Folks - I have an awesome English Pointer pup that gets car sick everytime we take her somewhere. She is 9 months old. Anybody have any experience with a dog that suffers from this? Will a dog grow out of it?


----------



## Texscala (Sep 8, 2007)

I have this problem with my last 2 pups and both seem to have grown out of it.

My current pup is 6 months old and does okay if the passenger holds her while we drive. She also does okay if she can stick her head out the window from time to time. Also she never seems to have a problem if she is in her kennel when we are driving only when she can move around in the vehicle. 

I have also made sure not to feed the pup untill after we get back from a ride. She can't vomit anything too nasty when she has an empty stomach.

my 2 cents


----------



## Udink (Sep 10, 2007)

I had this problem with my Brittany when I first got her. She would drool excessively, and eventually she'd vomit, especially if the ride was very long, or on rough roads. What worked for me was just taking things really slow. I started out by just taking her out to sit in the the truck in the driveway (with the engine off) for about 20 minutes each day. After she got used to that, I'd take her out to sit in the truck with the engine running. Then, once she was fine with that, we'd start taking short trips around the block each day. While doing each of these steps, I would comfort and encourage her so that it became a positive experience for her, and after we got out of the truck I'd offer her a treat.
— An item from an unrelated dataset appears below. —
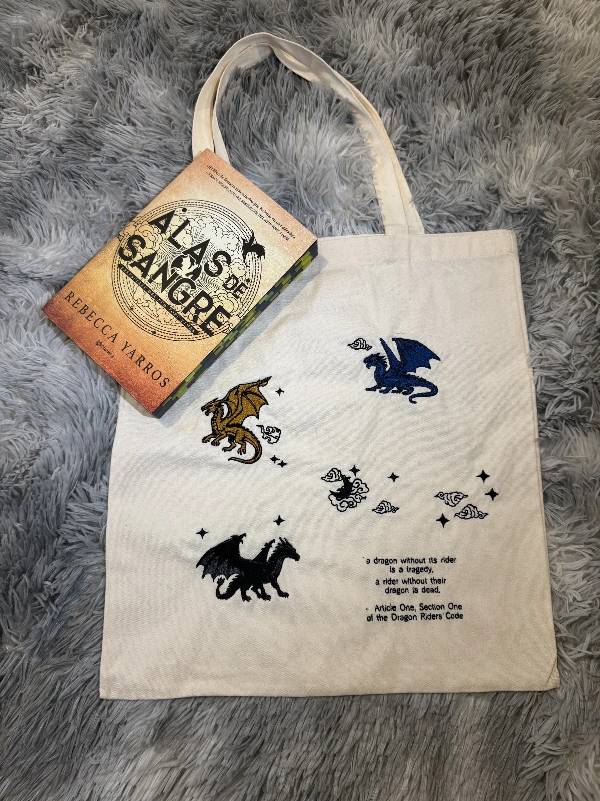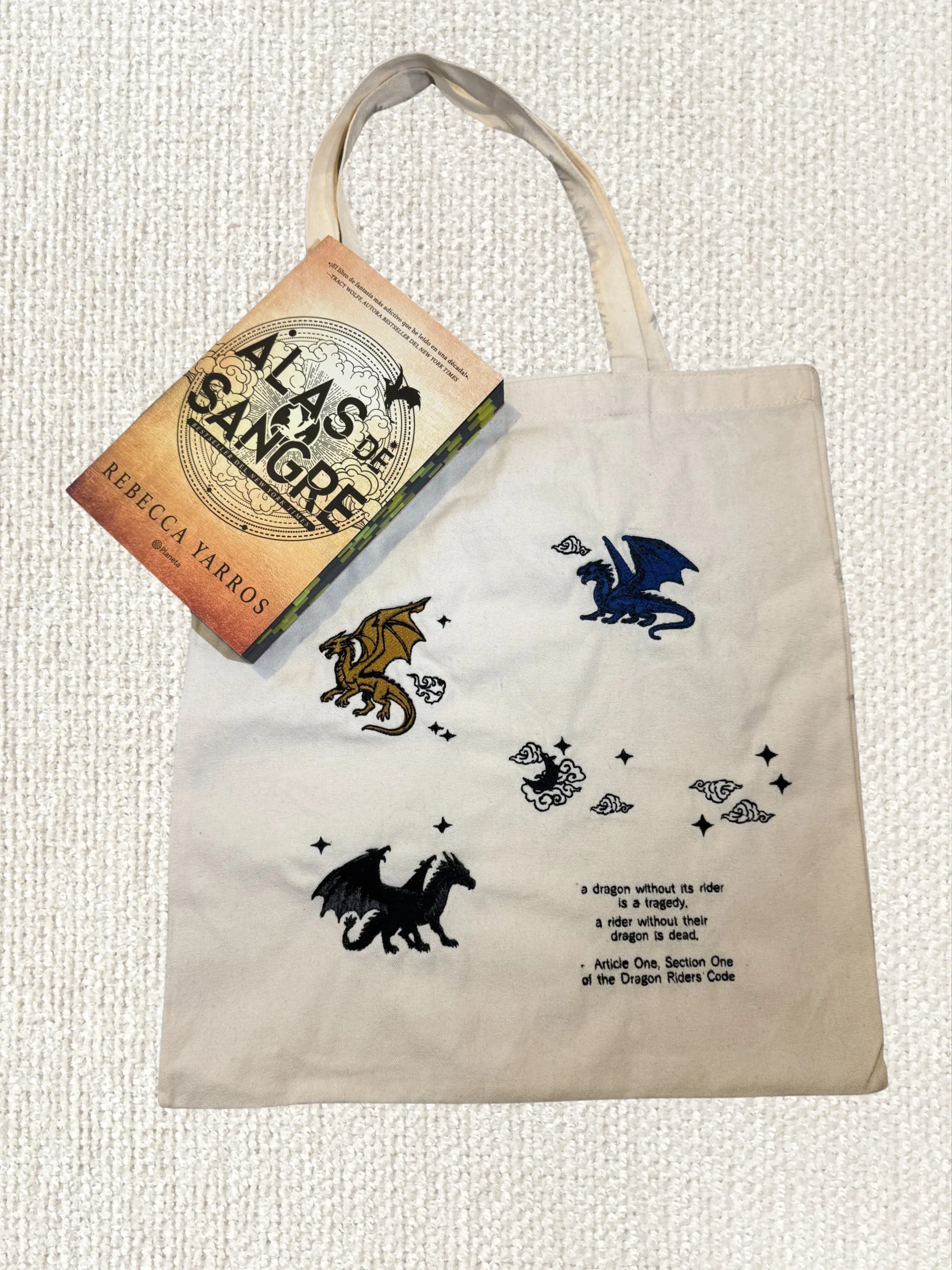 Incluye Tote Bag de lienzo de excelente calidad con bordado edición especial de Alas de Sangre.

Eventually she quit drooling and vomiting, and got to where she was eager to get into the truck and go for a ride.


----------



## threshershark (Sep 7, 2007)

I think destination is a big part of this. I got a pup several years ago that had done a lot of riding around in a vehicle with no signs of car sickness. Then I decided to have her spayed, and I think she associated that experience with riding in the truck because she wouldn't calm down or lay in her crate (which made her car sick) thereafter. There is a park where she likes to run pretty close to my house, and instead of walking her over there like normal I would take her in the truck. The association with going somewhere fun seemed to do the trick.


----------